Re: Por que los catolicos afirman que Pedro fue el primerl vicario de Cristo?
"Presidente, adivine lo que hicimos."
La voz que oí en el teléfono me era familiar—y muy animada. Era uno de los misioneros bajo mi
supervisión cuando prestaba servicio como presidente de una misión de la Iglesia en Toronto,
provincia de Ontario, en Canadá. Había yo llegado a apreciar mucho a cada uno de aquellos devotos
hombres y mujeres (conocidos durante su servicio misional como "élderes" y "hermanas") que
cumplían su promesa de servir al Señor como misioneros. Pero también había llegado a esperar lo
inesperado, en especial de parte de aquellos vigorosos jóvenes y señoritas.

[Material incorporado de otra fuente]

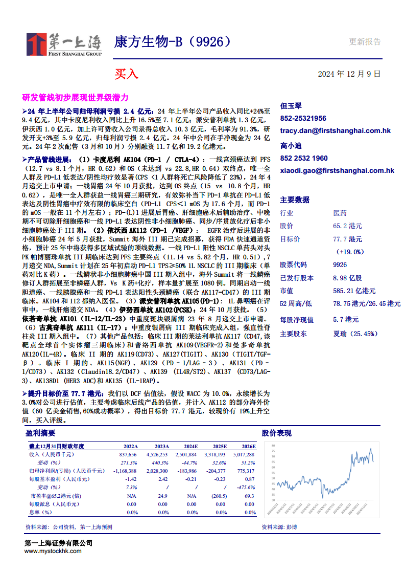 公司通过战略性配售有效补充了运营资金,财务结构逐步优化。基于对核心产品未来市场表现,特别是AK112海外市场潜力的乐观预期,分析师上调了目标价,维持“买入”评级,反映了市场对其长期发展前景的信心。
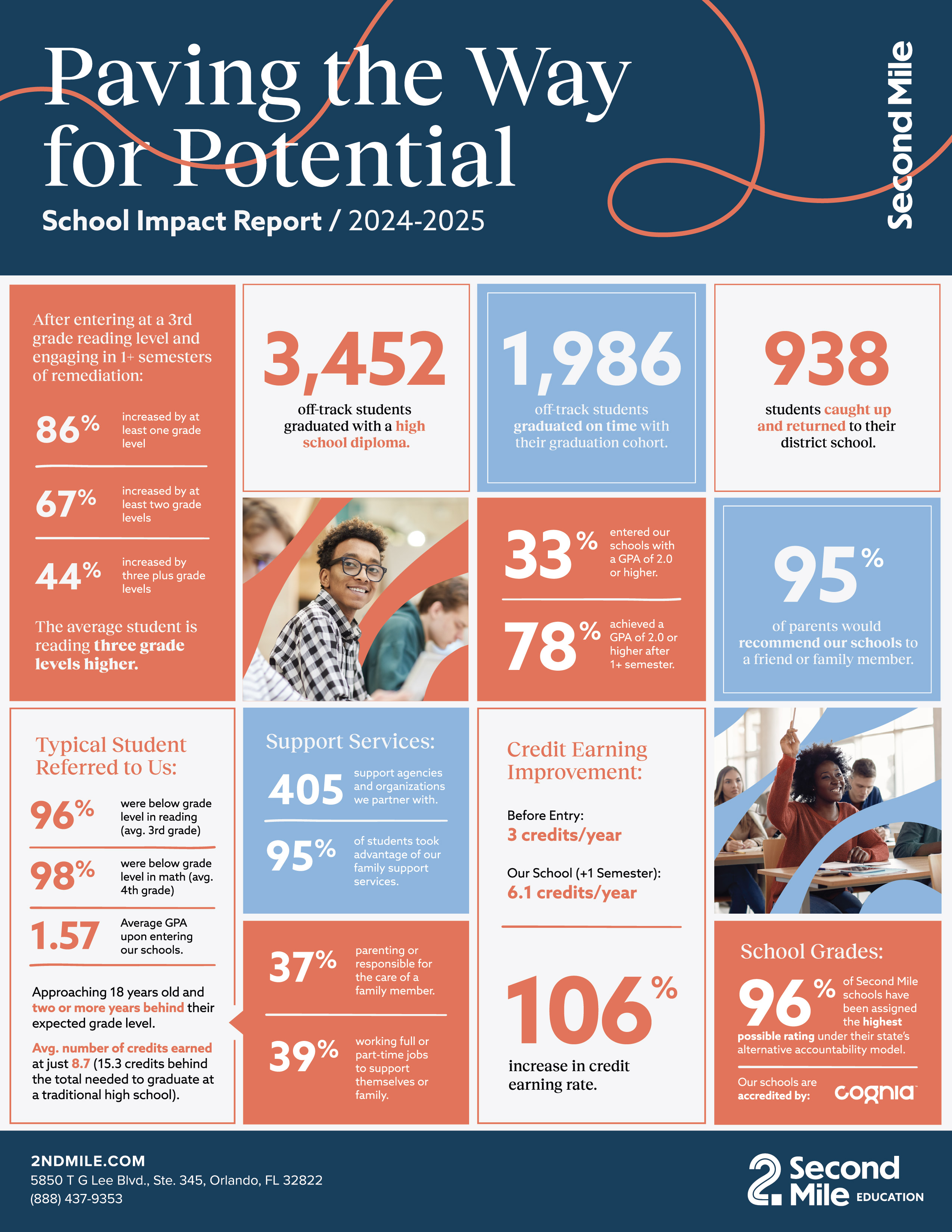 The Texas High School for Accelerated Learning is proudly supported by Second Mile Education. As part of Second Mile, we are accredited by Cognia and part of a network delivering outstanding results:
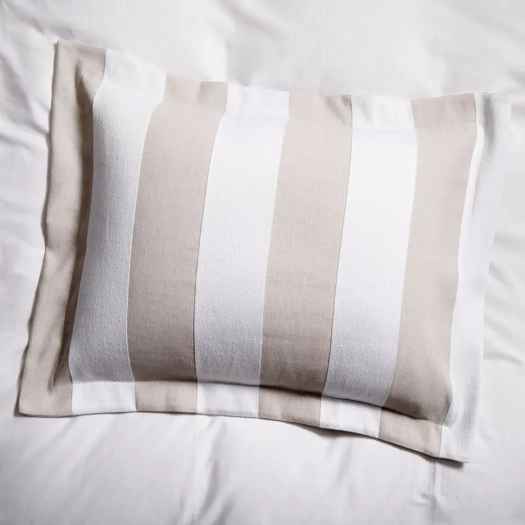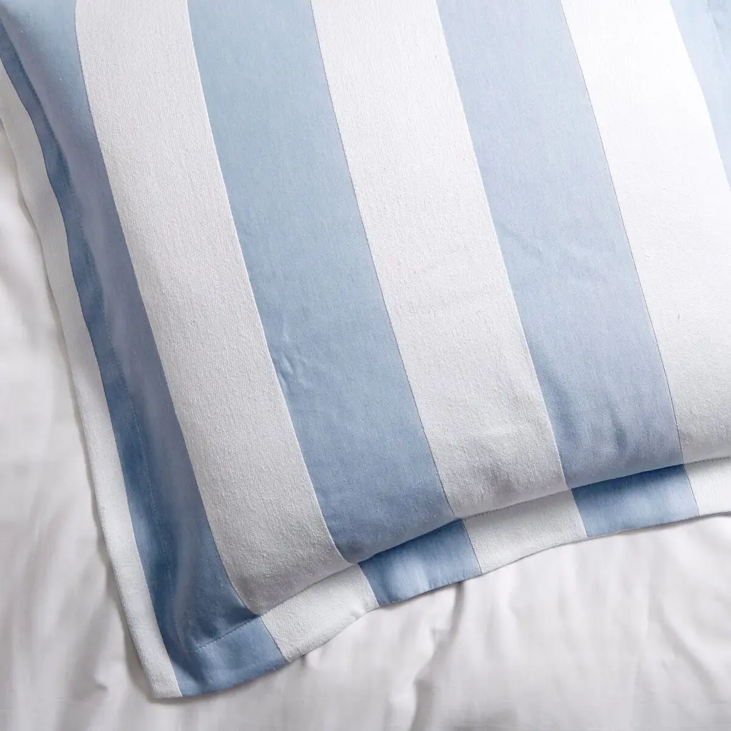 Accented with blue-and-white cabana stripes, this cotton-blend sham adds casual elegance to any bed.

"¿Qué hicieron, élder?," le pregunté con cierto temor. "Ya he tenido tantas sorpresas desde que
estoy aquí que ni me atrevo a adivinar."
El misionero aclaró su garganta y anunció: "¡Mi compañero y yo hemos hecho los arreglos para
que usted hable en la Facultad de Teología de la Universidad de Toronto!"

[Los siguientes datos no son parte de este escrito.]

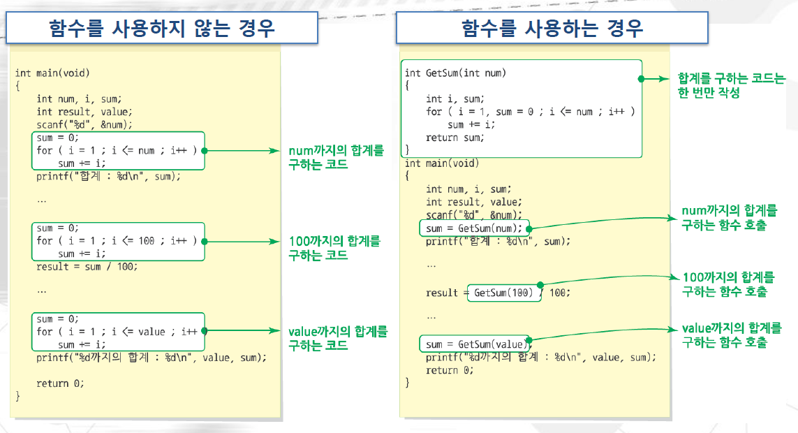 - 기능별로 함수를 작성해서 사용하므로 프로그램의 모듈화가 보다 쉬워집니다.
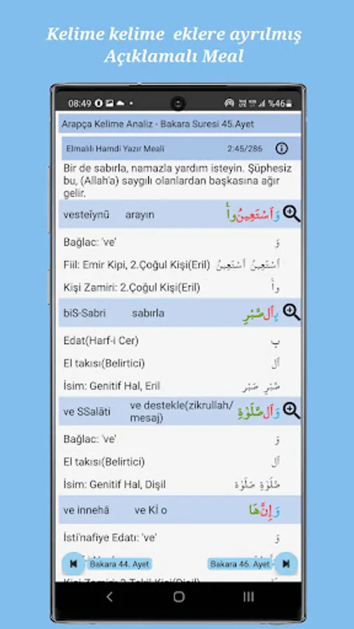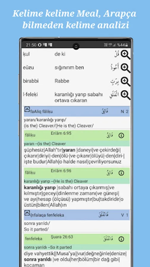 Compare, take notes, read, make hatim, search for translations and root words in the Quran with the Quran Meal Analysis Program.
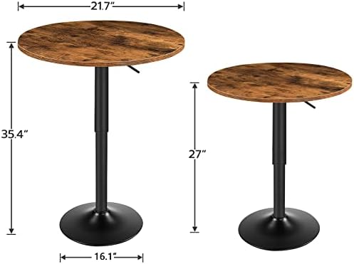 HOOBRO Bar Table, Height-Adjustable Round Pub Table 27-35.4 Inches, Cocktail Table with Base, Modern Style, Suitable for Living Room, Dining Room, Bistro, Rustic Brown BF58BT01G1

A juzgar por el tono de su voz, era indudable que mi joven amigo esperaba que yo recibiría su
anuncio con el mismo entusiasmo incontenible que comúnmente se manifiesta al salir campeones en
un torneo deportivo. La experiencia, sin embargo, me ha enseñado a sujetar con firmeza las riendas
del entusiasmo en tales circunstancias.
"Bueno," le contesté, "es muy interesante. Pero ¿qué significa todo eso?"
Hubo una breve pausa durante la cual percibí que hablaba con tono apagado y anhelante con su
compañero misionero. "No estamos muy seguros, presidente," dijo con muy poca convicción en su
voz. "¡Creemos que ello quiere decir que usted va a poder enseñar a un grupo de ministros de otras
religiones por qué nuestra Iglesia es verdadera!"

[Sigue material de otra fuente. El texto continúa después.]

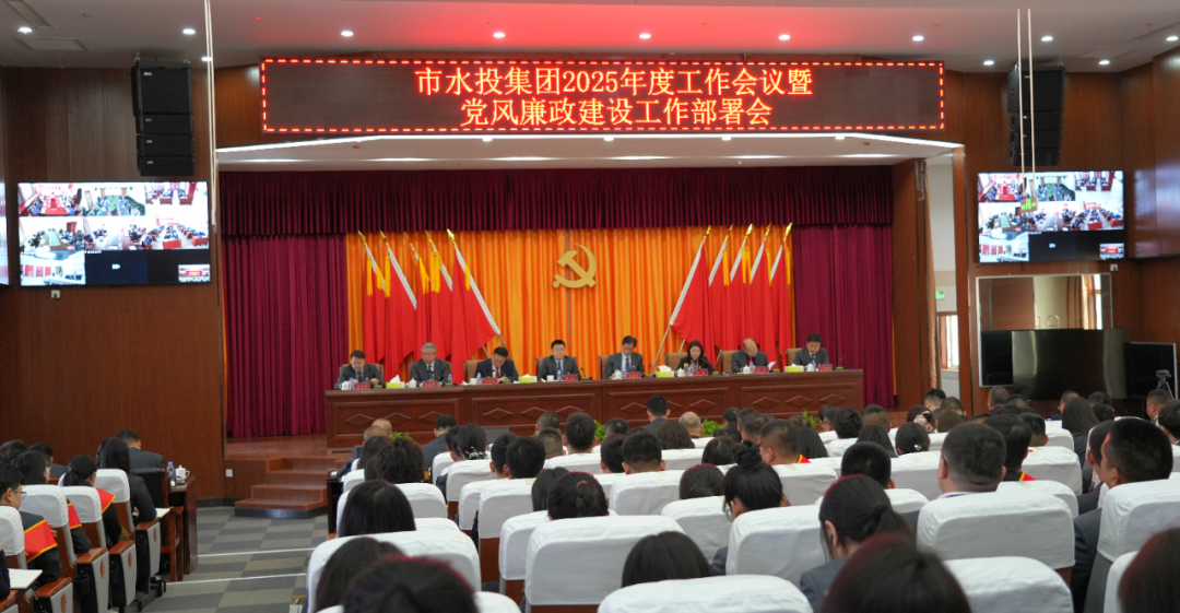3月7日,市水投集團召開2025年度工作會議暨黨風廉政建設(shè)工作部署會議,系統(tǒng)總結(jié)了2024年集團發(fā)展成果,精準分析研判當前面臨的形勢,科學謀劃部署2025年集團改革發(fā)展思路舉措和重點任務(wù)。集團公司領(lǐng)導班子、各級出資企業(yè)領(lǐng)導班子、集團全體干部職工在主會場參會,各旗區(qū)子企業(yè)職工參加視頻會議,會議由集團黨委副書記蘇新發(fā)主持。
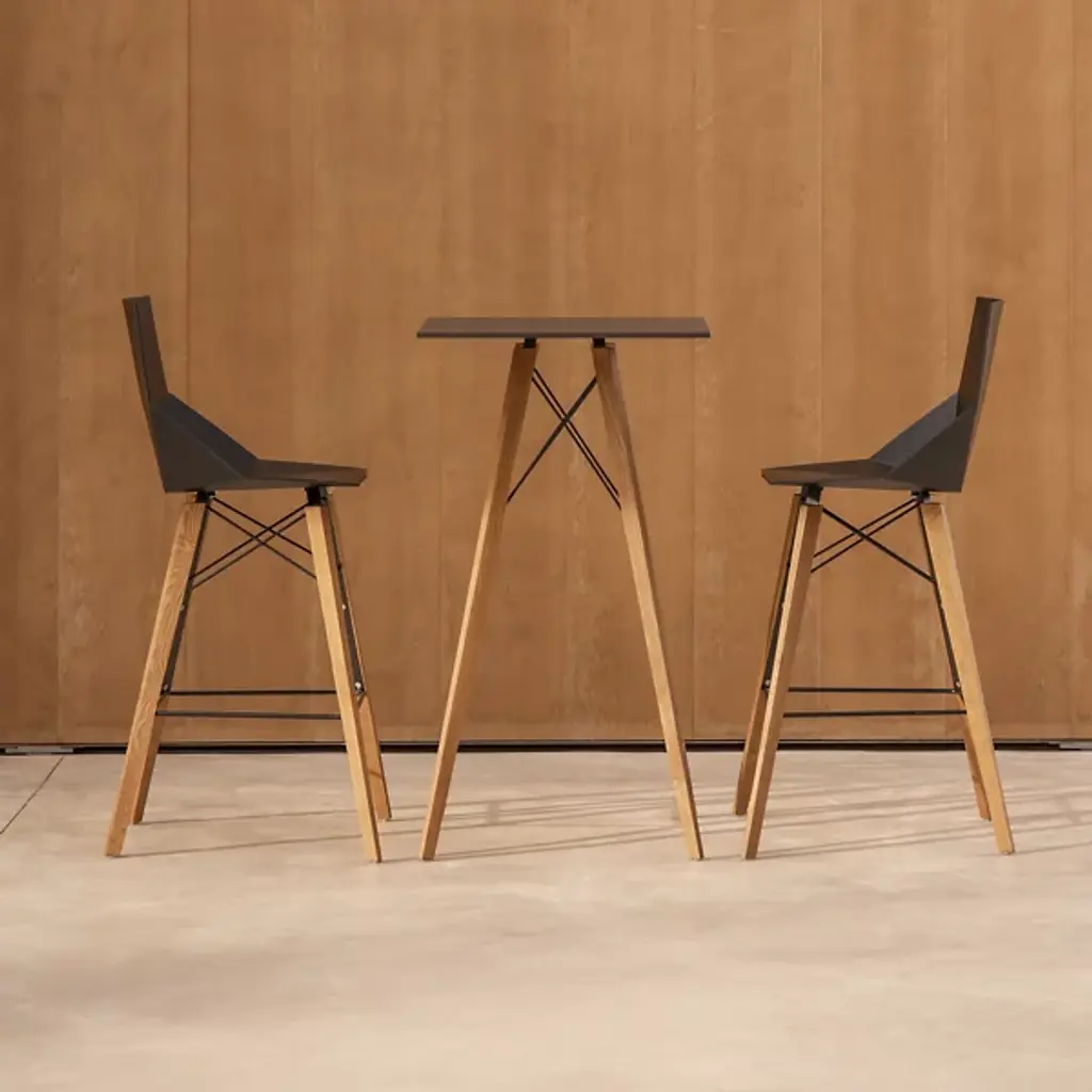 Enjoy more of your countertop or home bar space with the Vondom Faz Wood Barstool - Set of 4. This stylishly modern barstool is made from injected propylene and is 100% recyclable, minimizing the impact on the environment during production. This shock-resistant, lightweight elevated barstool is an ultra-stylish and stable approach to laying out your space. Use this dynamic furniture piece to round out the look of your countertop, high table or home bar setup.

No pude menos que sonreír, y no solamente a causa de su inocente alarde. Nuestra conversación
trajo a mi memoria la ocasión en que, unos veintisiete años antes, yo había concertado una
"oportunidad" similar para mi presidente de misión en Inglaterra. Hasta tuve la idea de responder de
la misma manera que lo había hecho mi presidente de misión, quien dispuso que yo me encargara de
cumplir con la asignación que había programado para que él hablara ante la Sociedad de Debate en
Nottingham.
Pero la posibilidad de compartir mis creencias con un grupo de ministros religiosos me pareció
fascinante y decidí aceptar la invitación. El día indicado concurrí a la Facultad de Teología en
Toronto y me reuní con unos cuarenta y cinco ministros, sentados todos alrededor de una gran mesa
redonda. Se me adjudicaron cuarenta y cinco minutos para que explicara las enseñanzas básicas de
la Iglesia, al cabo de cuyo período los ministros tendrían la oportunidad de hacerme preguntas.
El primer comentario, hecho en forma de desafío, fue: "Señor Ballard, si usted pudiera
simplemente poner sobre esta mesa las Planchas de Oro de las cuales se tradujo el Libro de Mormón
para que todos pudiéramos examinarlas, sabríamos entonces que lo que nos está diciendo es
verdad."
Me sentí impulsado a responder mirando al interrogador en los ojos y le dije:
"Usted es un ministro religioso y, como tal, sabe que nunca puede el corazón del hombre recibir
la verdad sino por medio del Espíritu Santo. Usted podría sostener en sus propias manos las
Planchas de Oro y aun así no sabría entonces mejor que antes si esta Iglesia es verdadera. Permítame
preguntarle, ¿ha leído usted el Libro de Mormón?" A lo cual respondió que no. Yo agregué, "¿No cree usted que sería prudente leer el Libro de Mormón y entonces meditar y
orar y preguntarle a Dios si el Libro de Mormón es verdadero?"
Un ministro Protestante formuló la segunda pregunta: "Señor Ballard, ¿quiere usted decir que a
menos que seamos bautizados en la Iglesia Mormona no seremos salvos en los cielos?"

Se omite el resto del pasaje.